### ABOUT THIS EXERCISE
Reproduce exactly, leaving out pictures, each line from the one holding "SAMUNDRI | |||" through the final line of the listing, and add nothing.

### EXERCISE DATA
++++++++++
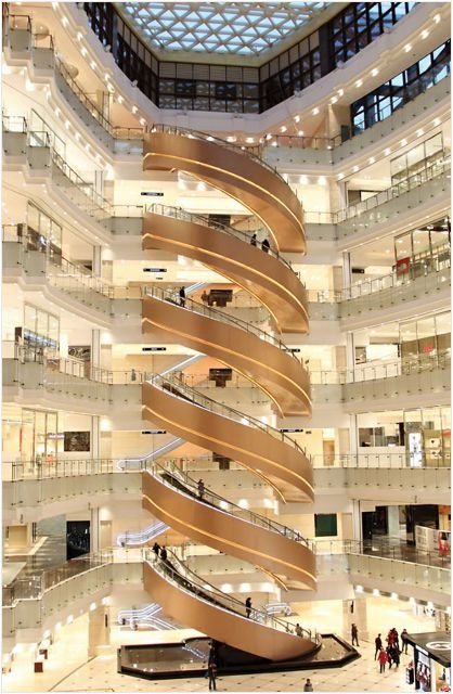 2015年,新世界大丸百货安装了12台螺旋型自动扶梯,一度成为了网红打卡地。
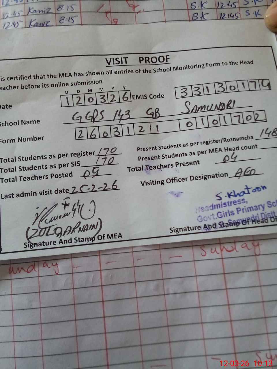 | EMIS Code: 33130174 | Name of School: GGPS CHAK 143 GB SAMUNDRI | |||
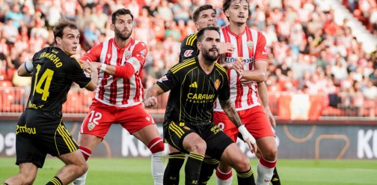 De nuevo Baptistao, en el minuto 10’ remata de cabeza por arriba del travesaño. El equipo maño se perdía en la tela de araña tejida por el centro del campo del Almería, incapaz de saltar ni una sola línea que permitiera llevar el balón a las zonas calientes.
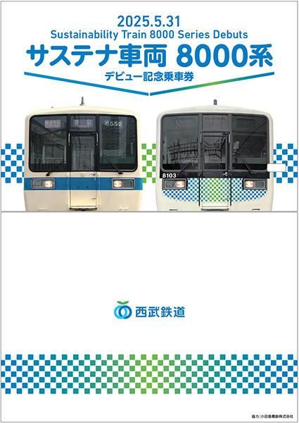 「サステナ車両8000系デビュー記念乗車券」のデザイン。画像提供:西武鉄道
++++++++++
### ANSWER TO THIS PROBLEM
 | EMIS Code: 33130174 | Name of School: GGPS CHAK 143 GB SAMUNDRI | |||
 De nuevo Baptistao, en el minuto 10’ remata de cabeza por arriba del travesaño. El equipo maño se perdía en la tela de araña tejida por el centro del campo del Almería, incapaz de saltar ni una sola línea que permitiera llevar el balón a las zonas calientes.
 「サステナ車両8000系デビュー記念乗車券」のデザイン。画像提供:西武鉄道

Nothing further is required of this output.